5.2 To the extent that any changes under Clause 5.1 materially affect the Services, we will notify you promptly and you shall have the right to cancel the contract by providing notice to us.
5.3 You agree to co-operate with us in all matters relating to the Services, including providing us and our authorised employees and representatives with such information and materials as we may require to perform the Services. Failure to do so entitles us to suspend or cancel the Services.
6. Limitation of Liability
6.1 Nothing in this Agreement shall limit or exclude our liability for:
6.1.1 death or personal injury caused by our negligence;
6.1.2 fraud or fraudulent misrepresentation; or
6.1.3 for any matter for which it would be illegal for us to exclude or to attempt to exclude our liability.
6.2 The Services are not to be used for commercial or business purposes, and are for personal use only. We shall therefore not be liable for any economic loss, loss of profits, loss of business, loss of revenue, loss of contract, loss or depletion of goodwill and/or business opportunity, loss of anticipated earnings or savings or like loss; wasted management, operational or other time (in each case whether direct or indirect). We shall not be liable for any unforeseeable, special, indirect or consequential losses.
6.3 Subject to clause 6.1 and 6.2, our total liability to you under or in connection with the Agreement or the Services more generally (whether in contract, tort, breach of statutory duty, restitution or otherwise) in respect of all and any loss or damage howsoever caused shall in no circumstances exceed any charges actually paid directly by you under Clause 4.
6.4 Except as set out in this Agreement, all warranties, other terms implied by statute or common law are, to the fullest extent permitted by law, excluded.

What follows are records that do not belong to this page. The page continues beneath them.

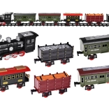 W zestawie znajdziesz 12 elementów torów, trzy wagony osobowe i dwa towarowe do różnorodnych konfiguracji.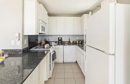 Both bedrooms are thoughtfully styled with clean, coastal touches, and the bonus sleep sofa gives everyone a cozy spot to crash after a day of salty air and seaside adventures. A sleep sofa in the living room provides additional space.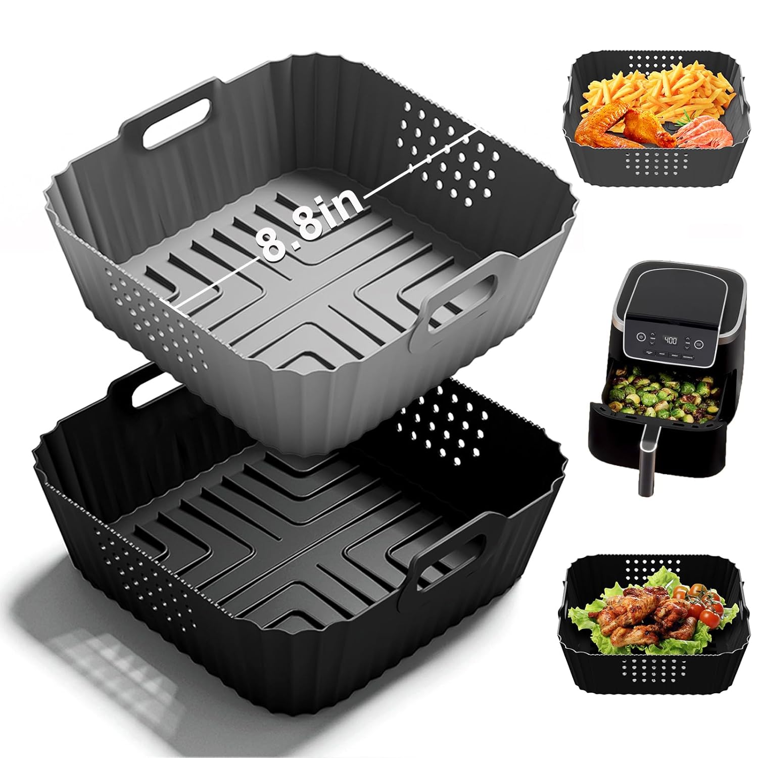 HOMELYLIFE Air Fryer Silicone Liners for Ninja AF141 AF142 5QT & AF181 6.5 QT AirFryer, Air Fryer Accessories for Cosori 5QT/6QT, 2 Pcs Reusable Square Liners for Instant 6Qt &Other 4.5-7QT AirFryer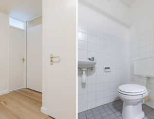 Separaat toilet, licht betegeld toilet met fontein.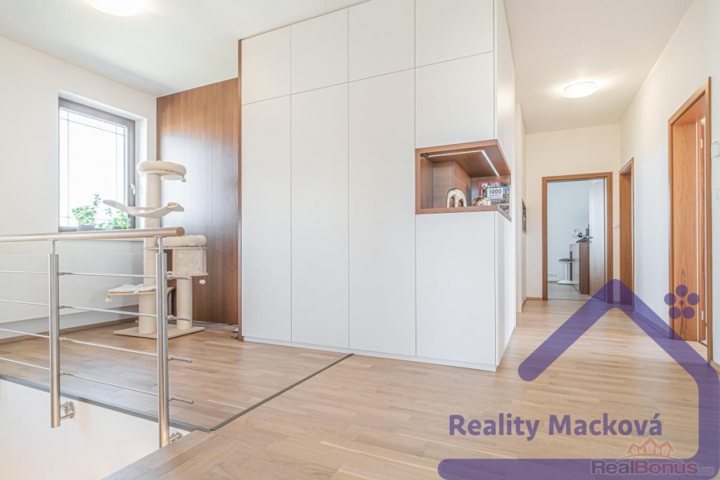 V patře se nachází dvě dětské ložnice, hlavní, rodičovská ložnice s vlastní šatnou, prostorná pracovna a ještě další pokoj, který může sloužit jako pokoj pro hosty, teenagery nebo domácí studio. Koupelna je prostorná a nabízí obrovskou vanu, sprchový kout i dvě umyvadla, což ocení zejména rodiny při ranním shonu.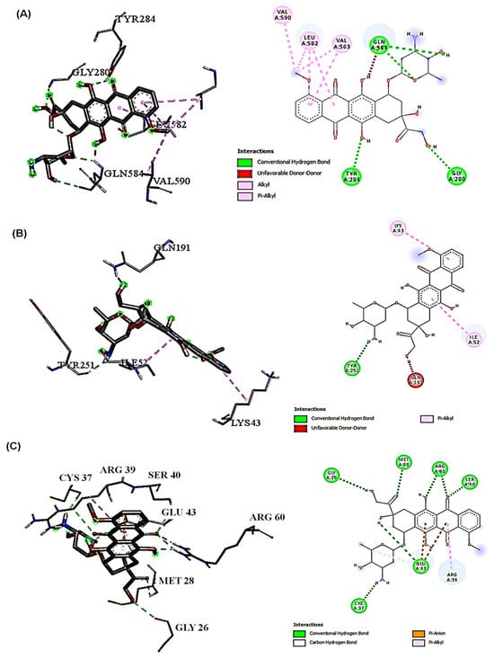 DOX interactions with three target proteins (NRF-2, SLC7A-11, and GPX-4) (2D and 3D). (A) DOX interaction with NRF-2, the conventional H-bond (GLY280, TYR284, GLN584, and GLN584), and the hydrophobic interactions (VAL563, LEU582, and VAL590); (B) DOX interaction with SLC7A-11, the conventional H-bond (TYR251), and the hydrophobic interactions (ILE52 and LYS43); (C) DOX interaction with GPX-4, the conventional H-bond (MET28, SER40, ARG60, GLU43, GLY26, CYS37, and LYS595), the carbon H-bond (ARG39 and GLU43), the Pi–Anion interaction (GLU43), and the Pi–Alkyl interaction (ARG39).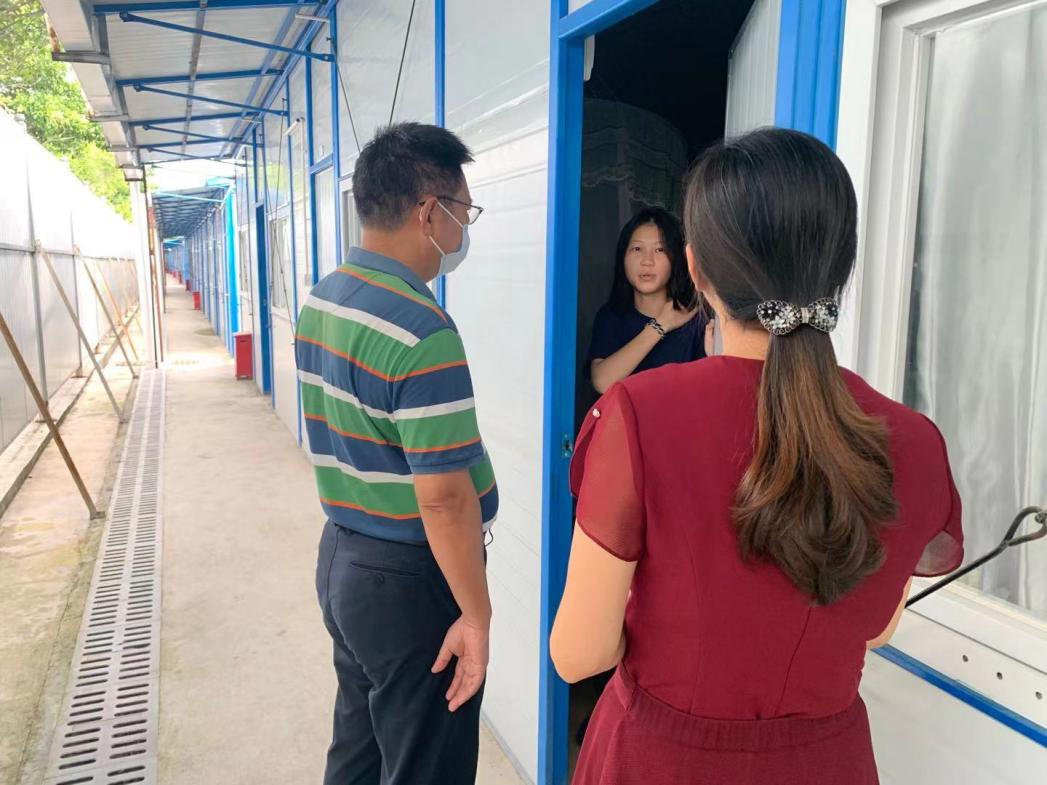 欧坚泉一行随后去隔离宿舍探望因病未能参加军训的同学,询问了员工的身体状况及后勤保障工作,嘱咐员工要谨遵医嘱,按时服药,及时上报体温监测。同学们纷纷表示深切感受到来自公司和公司的关怀,一定以最饱满的热情、最昂扬的姿态,为此次军训交上一副满意的答卷。

7. Confidentiality and Privacy
7.2 You agree that we may share information which you provide to us which may be confidential to you, with such of our employees, affiliates, subcontractors and advisors as are required by law or necessary for performing the Services.
8.1 Neither party shall be liable to the other for any failure to perform its obligations under this Agreement where such performance is delayed or prohibited by events that are beyond its reasonable control.

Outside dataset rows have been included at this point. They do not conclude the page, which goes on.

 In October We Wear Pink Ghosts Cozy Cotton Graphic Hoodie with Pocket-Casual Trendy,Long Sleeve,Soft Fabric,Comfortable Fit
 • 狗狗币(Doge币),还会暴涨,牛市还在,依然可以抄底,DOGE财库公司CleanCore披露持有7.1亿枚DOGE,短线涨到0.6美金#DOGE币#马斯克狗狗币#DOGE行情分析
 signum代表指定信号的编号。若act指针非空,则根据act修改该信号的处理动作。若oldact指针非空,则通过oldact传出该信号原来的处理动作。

8.2 You may not assign nor subcontract your obligations under this Agreement without our prior written consent. We may assign, novate, and/or subcontract any or all of our obligations under this Agreement.
8.3 Any notice given under this Agreement must be in writing and may be delivered to the other party personally or sent by prepaid first-class post or e-mail.
8.4 This Agreement constitutes the entire agreement between the parties. If part of these Terms is invalid, illegal or unenforceable, that provision or part-provision shall be deemed deleted, and the validity and enforceability of the other provisions of the contract shall not be affected.
8.5 We have the right to revise and amend this Agreement from time to time.
8.6 Nothing in this Agreement creates a partnership, joint venture, or any kind of formal relationship between the parties.
8.7 A person who is not a party to this contract shall not have any rights under or in connection with it.
8.8 This Agreement is governed by English law and subject to the exclusive jurisdiction of the courts of England & Wales.